While some approaches rely on averages (such as standard cost accounting) for true driver-based constraint modeling, all costs, rates, yields, and constraints will be defined in their natural units of measure (e.g., $/unit, Euro/hour and so on) for each step in the process. Imagine the problem as if you were actually watching the processes occur right in front of you. Once defined, it is then the solver’s responsibility to analyze natural behavior and apply all constraints to determine the optimal solution.
Conversely, constraint-based modeling is not hypothesis-driven (a.k.a. deterministic) modeling. No analyst using a constraint-based model should be able to predict the behavior of the entire model beforehand. Any “solution” that allows for this is not true constraint-based modeling.
True constraint-based modeling also calculates the opportunity value of the constrained decision. Company management should not settle for a report that states a machine’s capacity will be utilized for an entire 40 hour work week, and that, therefore, no additional production can occur. The best constraint-based modeling approaches will certainly provide that insight, but will also identify all profit-impacting opportunities.
For example, by adding an extra shift on a given machine, a company may be able to make an additional $100k per hour. Most traditional planning systems, like those for materials requirement, capacity, inventory or demand, simply will not calculate the true bottom-line opportunity value associated with a constrained decision. This is true for positive opportunity values constrained at an upper limit (usually in the form of time or market constraints), as well as negative opportunity values constrained at a lower limit (usually in the form of supply, labor or demand contracts).
Know What Questions to Ask
For prescriptive analytics software — used to answer the question “what should I do?”— constraint-based modeling is not an optional feature; it’s a core philosophical foundation. It must be able to not only define and apply critical customer-specific constraints but also, as mentioned previously, state the value of the constrained decision. This value can only be obtained by using established optimization techniques.

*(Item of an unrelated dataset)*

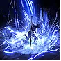 跃向空中并将战矛刺入目标位置的地面,放射出一道闪电充能的震波,并引爆战矛技能。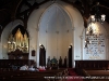 Architect Lane Lyle, responsible for the church’s overall renovation, described the extensive recreation of the building from callipered measurements of computer generated drawings. Scaffolds were in place for seven months alone for the replacement of ceiling panels that had to be constructed on the floor of the church prior to their being raised. The roof system is an exact replica of the original roof except the new roof is insulated, Mr. Lyle related. He said that coal dust used to drift down from the original ceiling. “I have a new appreciation for workmen in the last century who accomplished all this without power tools; they used poles and mules to raise these trusses,” he said.

Software that supports constraint-based modeling comes in multiple flavors, from algebraic programming languages (which can model almost anything with the required expertise and time) to packaged applications (capable of solving targeted problems within an industry/function combination). The key for decision-makers within an organization is to know what questions to ask. Here’s a sample set:
- Ask the vendor to describe how critical business constraints are defined, and if any shortcuts are taken in the process — remember the difference between constraints and heuristics.
- Think globally — the value of constraint-based modeling grows exponentially with complexity. Make sure to ask how policy, regulatory and other types of non-physical constraints are represented.

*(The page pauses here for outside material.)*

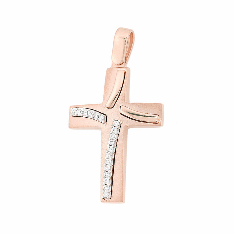 AV ροζ-χρυσός γυναικείος βαπτιστικός ματ σταυρός με λαμπερές πέτρες ζιργκόν

- Insist on understanding how financials are modeled — even if it's not necessary for your initial project, as soon as you meet with your CFO or CEO they will become critical.
By all means, if the project at hand is complex, put the vendor through a proof-of-concept (POC). Ask them to build a model with your data, and then optimally solve “what-if” scenarios during a live demonstration. This transparent approach will not only enable you to see how constraint modeling works but also provide a proper comparison of the various alternatives available.